_What the task asks_. All of the data should be copied exactly, with the pictures left out.

_Data below_.
○ ○ ○ ○ ○ ○ ○

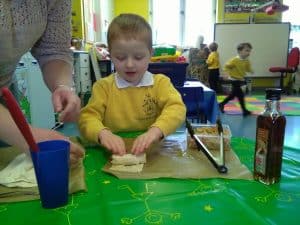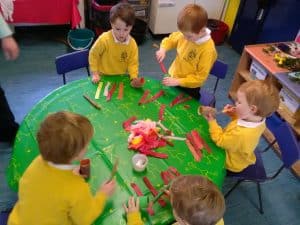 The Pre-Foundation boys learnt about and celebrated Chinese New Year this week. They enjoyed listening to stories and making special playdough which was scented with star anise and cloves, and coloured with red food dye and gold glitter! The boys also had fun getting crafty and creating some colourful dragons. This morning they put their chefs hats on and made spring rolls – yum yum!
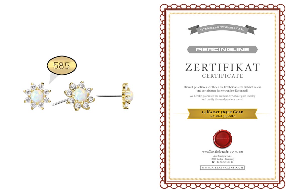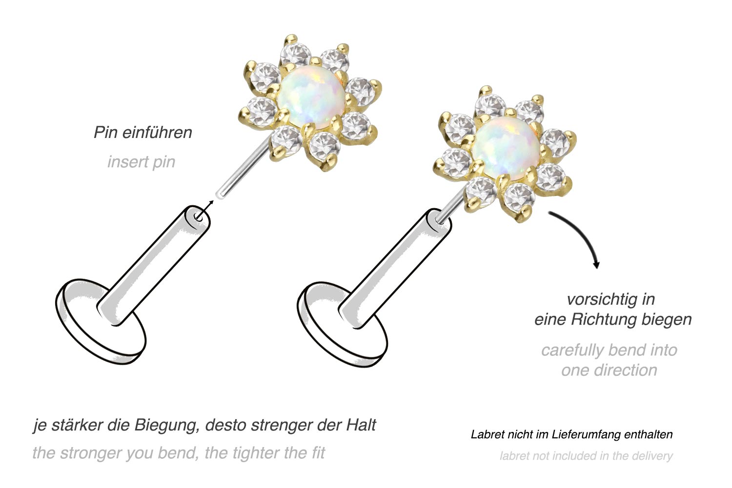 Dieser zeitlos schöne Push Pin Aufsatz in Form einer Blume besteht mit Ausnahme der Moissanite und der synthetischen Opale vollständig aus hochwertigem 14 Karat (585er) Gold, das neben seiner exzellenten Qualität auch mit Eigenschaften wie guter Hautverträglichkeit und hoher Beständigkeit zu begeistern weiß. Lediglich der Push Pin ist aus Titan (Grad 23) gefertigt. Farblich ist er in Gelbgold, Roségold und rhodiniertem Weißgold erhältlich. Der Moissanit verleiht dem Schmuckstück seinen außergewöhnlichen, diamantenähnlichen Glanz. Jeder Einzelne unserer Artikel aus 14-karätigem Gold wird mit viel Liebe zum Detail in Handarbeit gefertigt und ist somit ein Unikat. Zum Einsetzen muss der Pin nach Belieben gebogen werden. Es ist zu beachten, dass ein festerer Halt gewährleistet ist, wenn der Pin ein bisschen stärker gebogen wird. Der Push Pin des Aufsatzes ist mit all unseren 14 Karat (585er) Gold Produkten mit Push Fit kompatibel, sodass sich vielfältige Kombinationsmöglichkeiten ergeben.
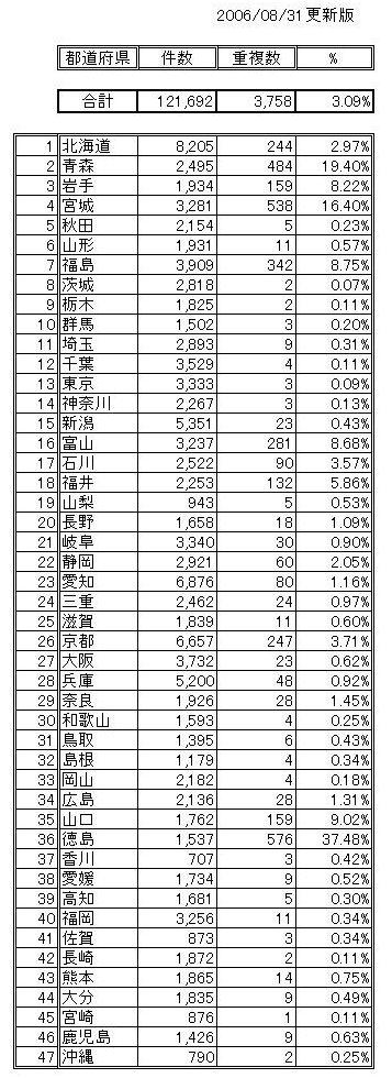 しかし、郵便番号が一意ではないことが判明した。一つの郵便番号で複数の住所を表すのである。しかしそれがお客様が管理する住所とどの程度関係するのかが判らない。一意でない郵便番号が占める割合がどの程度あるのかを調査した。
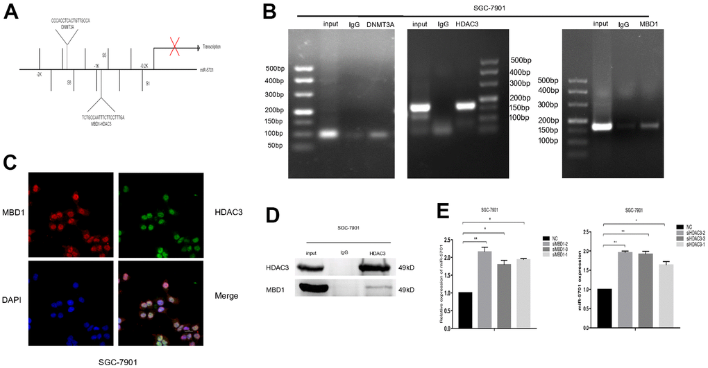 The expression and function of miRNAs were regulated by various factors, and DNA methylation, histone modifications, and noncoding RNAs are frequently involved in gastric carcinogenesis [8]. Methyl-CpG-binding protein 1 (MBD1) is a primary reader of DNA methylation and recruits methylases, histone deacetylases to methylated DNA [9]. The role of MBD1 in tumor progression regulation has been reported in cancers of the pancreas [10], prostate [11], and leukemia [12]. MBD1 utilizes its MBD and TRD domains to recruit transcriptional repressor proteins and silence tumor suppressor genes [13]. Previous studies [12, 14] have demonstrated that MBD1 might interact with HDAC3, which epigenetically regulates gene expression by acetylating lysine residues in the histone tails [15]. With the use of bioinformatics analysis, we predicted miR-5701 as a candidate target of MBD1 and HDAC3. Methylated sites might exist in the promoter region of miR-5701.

○ ○ ○ ○ ○ ○ ○

_Response to the task_.
 The Pre-Foundation boys learnt about and celebrated Chinese New Year this week. They enjoyed listening to stories and making special playdough which was scented with star anise and cloves, and coloured with red food dye and gold glitter! The boys also had fun getting crafty and creating some colourful dragons. This morning they put their chefs hats on and made spring rolls – yum yum!
 Dieser zeitlos schöne Push Pin Aufsatz in Form einer Blume besteht mit Ausnahme der Moissanite und der synthetischen Opale vollständig aus hochwertigem 14 Karat (585er) Gold, das neben seiner exzellenten Qualität auch mit Eigenschaften wie guter Hautverträglichkeit und hoher Beständigkeit zu begeistern weiß. Lediglich der Push Pin ist aus Titan (Grad 23) gefertigt. Farblich ist er in Gelbgold, Roségold und rhodiniertem Weißgold erhältlich. Der Moissanit verleiht dem Schmuckstück seinen außergewöhnlichen, diamantenähnlichen Glanz. Jeder Einzelne unserer Artikel aus 14-karätigem Gold wird mit viel Liebe zum Detail in Handarbeit gefertigt und ist somit ein Unikat. Zum Einsetzen muss der Pin nach Belieben gebogen werden. Es ist zu beachten, dass ein festerer Halt gewährleistet ist, wenn der Pin ein bisschen stärker gebogen wird. Der Push Pin des Aufsatzes ist mit all unseren 14 Karat (585er) Gold Produkten mit Push Fit kompatibel, sodass sich vielfältige Kombinationsmöglichkeiten ergeben.
 しかし、郵便番号が一意ではないことが判明した。一つの郵便番号で複数の住所を表すのである。しかしそれがお客様が管理する住所とどの程度関係するのかが判らない。一意でない郵便番号が占める割合がどの程度あるのかを調査した。
 The expression and function of miRNAs were regulated by various factors, and DNA methylation, histone modifications, and noncoding RNAs are frequently involved in gastric carcinogenesis [8]. Methyl-CpG-binding protein 1 (MBD1) is a primary reader of DNA methylation and recruits methylases, histone deacetylases to methylated DNA [9]. The role of MBD1 in tumor progression regulation has been reported in cancers of the pancreas [10], prostate [11], and leukemia [12]. MBD1 utilizes its MBD and TRD domains to recruit transcriptional repressor proteins and silence tumor suppressor genes [13]. Previous studies [12, 14] have demonstrated that MBD1 might interact with HDAC3, which epigenetically regulates gene expression by acetylating lysine residues in the histone tails [15]. With the use of bioinformatics analysis, we predicted miR-5701 as a candidate target of MBD1 and HDAC3. Methylated sites might exist in the promoter region of miR-5701.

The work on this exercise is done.